Moving homes involves various costs beyond the purchase price, regardless of whether a mortgage is ported or a new one is obtained. New mortgages typically incur closing costs, which can range from 2% to 6% of the loan amount. These costs include loan origination fees, often 0.5% to 2% of the loan, appraisal fees that typically fall between $500 and $1,000, and title insurance premiums which can be 0.5% to 1% of the purchase price. While porting may reduce some of these expenses, it can still involve valuation, legal, and administrative fees.

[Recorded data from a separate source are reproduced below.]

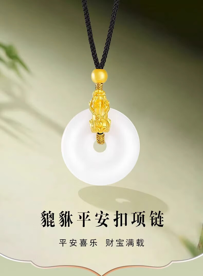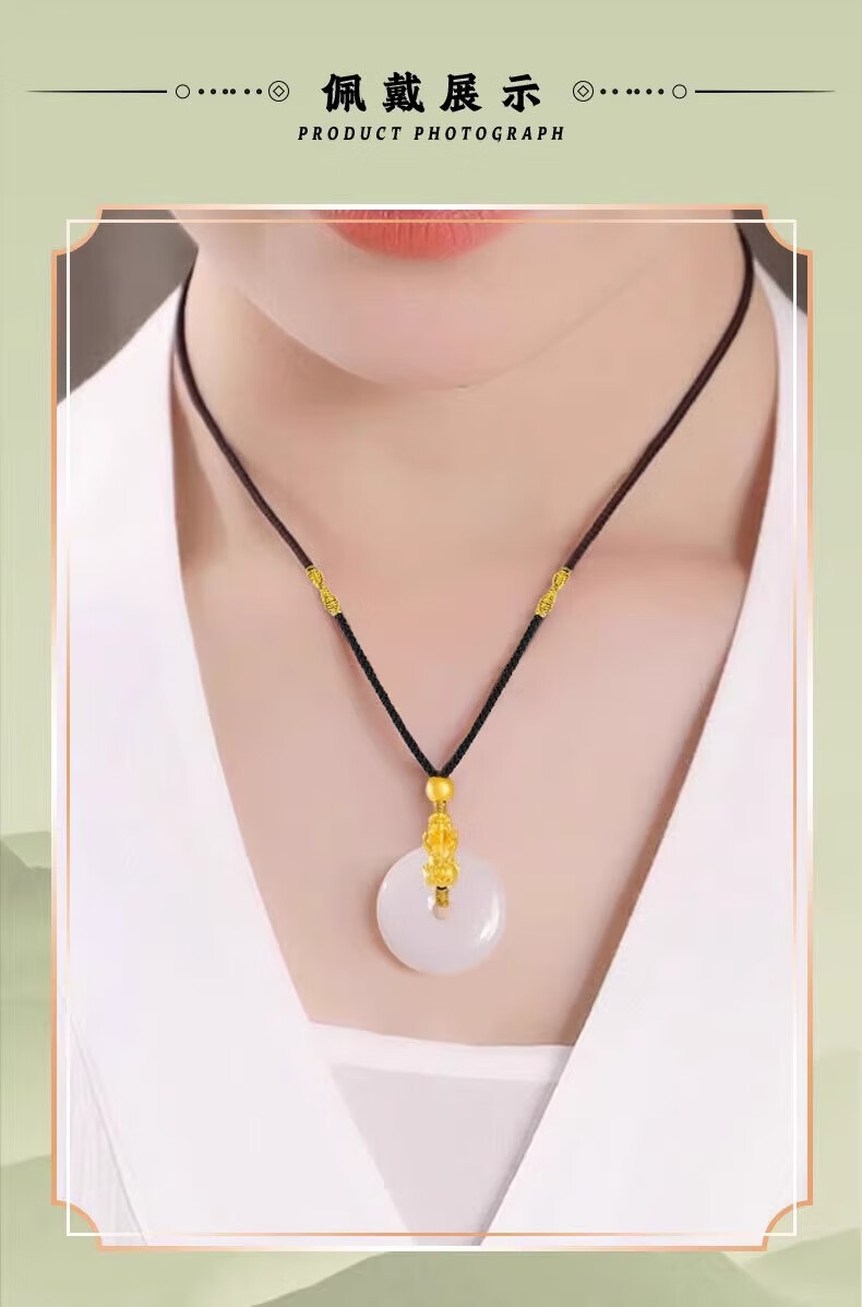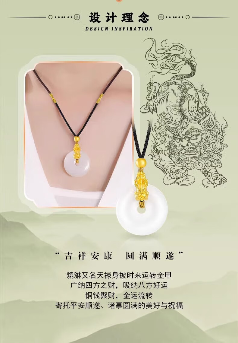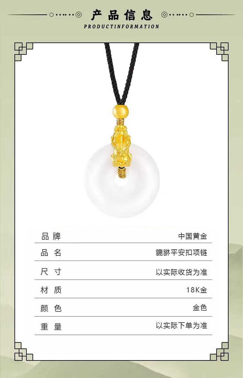 Chinese Gold 18K Gold Peace Buckle Necklace for Men and Women Pixiu Pendant Birthday Gift for Girlfriend, Boyfriend, Wife, Husband 18K Gold Pixiu Peace Buckle Necklace
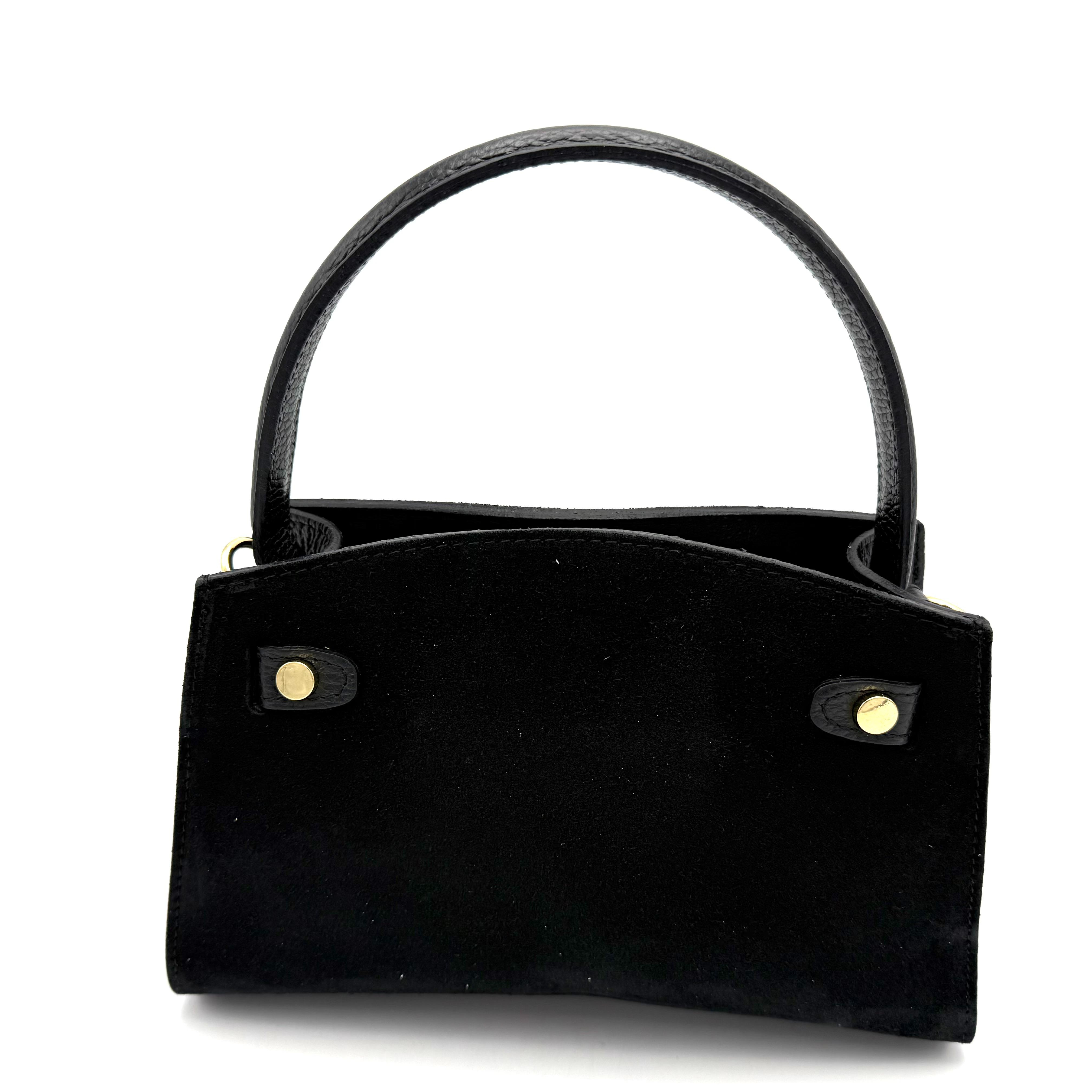 Ontdek pure elegantie met deze Italiaanse handtas van soepel dollaro leer, verfijnd afgewerkt met een luxueuze suède handgreep. Compact, stijlvol en praktisch – de ideale tas voor elke dag of een avond uit.
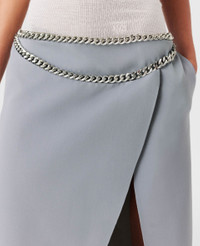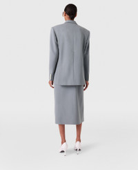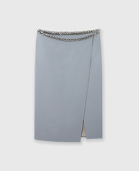 Item 6301293CU7049940 Stella McCartney studied on Savile Row, tutored by the legendary Edward Sexton – evidenced by this expertly tailored skirt. Fashioned from RWS-certified wool, this asymmetric midi is cut to a mid-rise waist embellished with an iconic Falabella chain skimming the hips. Pair it with the coordinating blazer. - Color: Mist - Mid-rise - Asymmetric cut - Falabella chain at waistband - Two pleats beginning at each hip - Slit in front - Concealed zipper closure - Calf-length hem - Made in Romania Product Care & Fit Advice Care: Dry clean only Composition: 97% wool, 3% elastane Fit: Regular fit Sizing: Take your usual size Midweight, non-stretch fabric
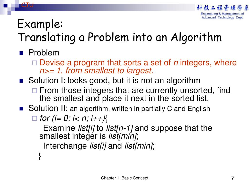 Example:Translating a Problem into an Algorithm • Problem • Devise a program that sorts a set of n integers, where n>= 1, from smallest to largest. • Solution I: looks good, but it is not an algorithm • From those integers that are currently unsorted, find the smallest and place it next in the sorted list. • Solution II: an algorithm, written in partially C and English • for (i= 0; i< n; i++){ Examine list[i] to list[n-1] and suppose that the smallest integer is list[min]; Interchange list[i] and list[min]; } Chapter 1: Basic Concept

The equity built in a current home plays a role in the financial planning for a move. Proceeds from the sale of the previous residence can be leveraged as a down payment on the new property, reducing the amount needing to be financed. This can improve the loan-to-value ratio on the new mortgage, leading to better interest rates or more favorable terms.
Beyond mortgage-related expenses, new property taxes and insurance costs are important financial considerations. These amounts can vary based on the new home’s location, value, and characteristics. Borrowers should factor these ongoing costs into their monthly housing budget, as they can impact overall affordability.
Changing property values also affect mortgage options. If the current home’s value has appreciated, it provides more equity for the next purchase. However, if the new home is more expensive, even with porting, additional financing will be required, at a different interest rate. The financial trade-offs between porting and obtaining a new mortgage involve weighing the benefit of retaining a lower interest rate against the flexibility, product variety, and higher upfront costs associated with a new loan.